Letter to his daughter (1978) edit

 
If things do not change, there will be nothing left to change. Either power must pass to the people or everything will perish
Quotes from a letter to his daughter, Benazir Bhutto (21 June 1978), as published in My Dearest Daughter : A letter from the Death Cell (2007)
 
The theories, the dogmas and the scripts stand outside the gates of history. The dominant factor is the aspiration of the people and the ability to seek total identification with it.
  • If things do not change, there will be nothing left to change. Either power must pass to the people or everything will perish.
    • p. 14.
  • Your grand-father taught me the politics of pride, your grandmother taught me the politics of poverty. I am beholden to both for the fine synthesis. To you, my darling daughter, I give only one message. It is the message of the morrow, the message of history. Believe only in the people, work only for their emancipation and equality. The paradise of God lies under the feet of your mother. The paradise of politics lies under the feet of the people.
    • p. 14.
  • You cannot be big unless you are prepared to kiss the ground. You cannot defend the soil unless you know the smell of that soil. I know the smell of our soil. I know the rhythm of our rivers. I know the beat of our drums. The theories, the dogmas and the scripts stand outside the gates of history. The dominant factor is the aspiration of the people and the ability to seek total identification with it. Once the significance of the symphony is grasped, the lines fall into place, the dogmas and theories get legs to move in time to the majesty of that music. This does not mean that I am preaching pragmatism. There is a lot of expediency in pragmatism. I am trying to trace the roots of the problems, the genesis of the challenges, the cause of the struggle.
    • p. 15
 
The most progressive and powerful society in the civilized sense, is a society which has recognized its ethos, and come to terms with the past and the present, with religion and science, with modernism and mysticism, with materialism and spirituality; a society free of tension, a society rich in culture.
  • What gift can I give you from this cell out of which my hand cannot pass? I give you the hand of the people. What celebration can I hold for you? I give you the celebration of a celebrated memory and a celebrated name. You are the heir to and inheritor of the most ancient civilization. Please make your full contribution to making this ancient civilization the most progressive and the most powerful. By progressive and powerful I do not mean the most dreaded. A dreaded society is not a civilized society. The most progressive and powerful society in the civilized sense, is a society which has recognized its ethos, and come to terms with the past and the present, with religion and science, with modernism and mysticism, with materialism and spirituality; a society free of tension, a society rich in culture.
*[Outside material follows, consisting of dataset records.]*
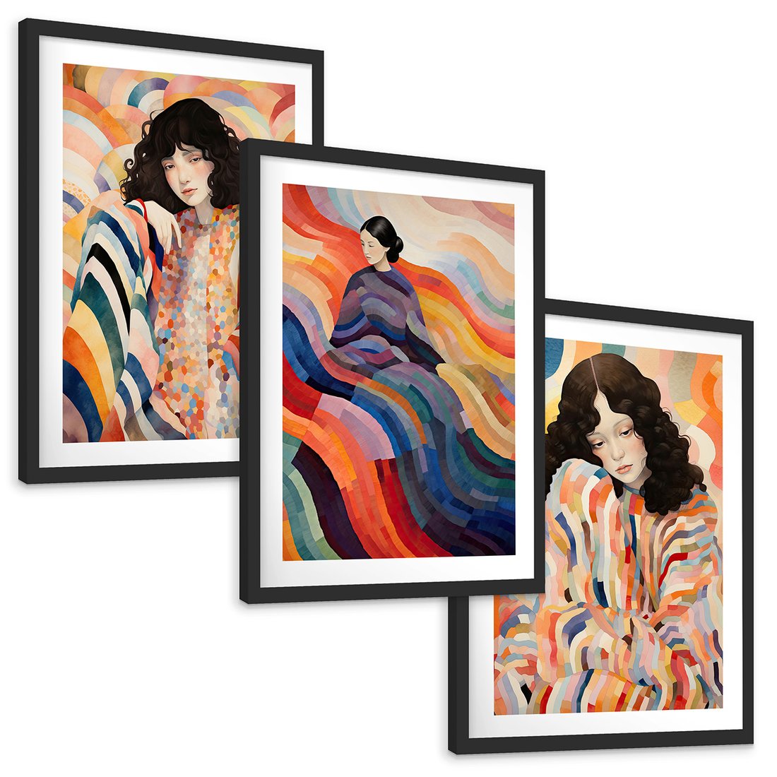 Zestaw obrazy w ramie, plakaty - kobieta, wzory, kolory, - rama czarna
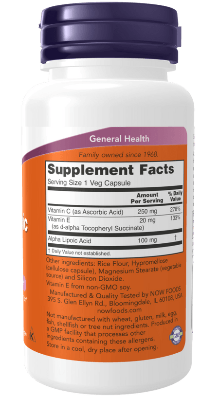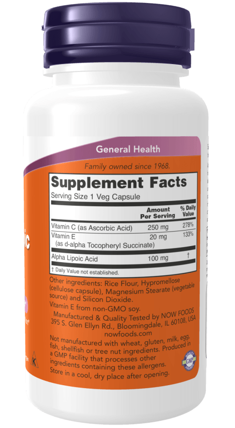 Alpha lipoic acid (ALA) is produced in the human body in very small amounts, but is also available through food sources. ALA is unique because it supports the body's free radical scavenging systems and can function in both water and fat environments.* ALA can also recycle the antioxidant vitamins C and E, thereby extending their activities.*
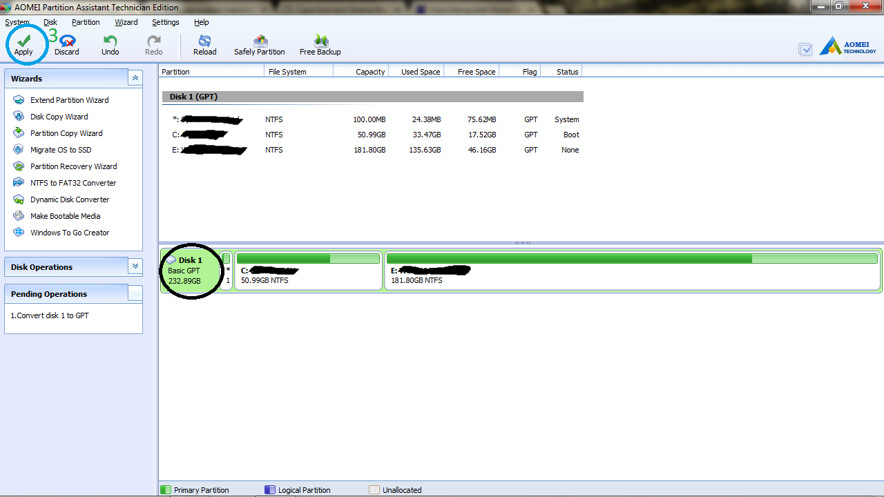 - Kemudian perhatikan hardisk anda, sudah berubah dari MBR ke GPT, Lalu tinggal anda KLIK APPLY seperti nomor 3 pada gambar berikut ini :
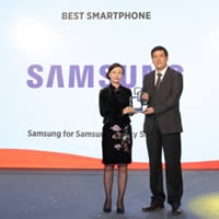 คนขวาในภาพคือคุณ Tong Wang รองประธานฝ่ายบริหาร Samsung Electronics สาขาประเทศจีนขึ้นเวทีเป็นผู้รับมอบรางวัลนี้

Such a society cannot come with hocus-pocus formulas and with fraud. It has to flow from the depth of a divine search. In other words, a classless society has to emerge but not necessarily a Marxist society. The Marxist society has created its own class structure.
    • p. 15.
  • The favourite slogan, the one that caught on during the May 1968 fête in France was "it is forbidden to forbid". There is nothing to forbid the youth of Europe to reject both communism and capitalism. What will they build in the absence of both systems? Will their concept of building a new structure with a new philosophy mean willful self-destruction? This sounds insane but the youth of Europe is not insane.
    • p. 20.
  • We badly need to gather our thoughts and clear our minds. We need a political ceasefire without conceding ideological territory. We need a ceasefire to bury dead thoughts and to overcome fatigue. The modus vivendi has to be honourable and above board. Both sides have lost or, should I say, neither side can win. During the ceasefire a combination of existing forces might create a new order or a new equation between existing forces. Whatever the formula, it cannot be evolved on the battlefield of the old or new cold wars. The new international order has to emerge through the demands of a Third World summit conference. The answer to the North-South conflict, which is more serious than the East-West conflict, has to be found honestly and with unimpeachable integrity. Genuine disarmament will not come on its own or by platitudes at special sessions of the United Nations on disarmament, although, I was among the first to propose such a conference eighteen years ago.
    • p. 28
 
The dictator is the one animal who needs to be caged. He betrays his profession and his constitution. He betrays the people and destroys human values.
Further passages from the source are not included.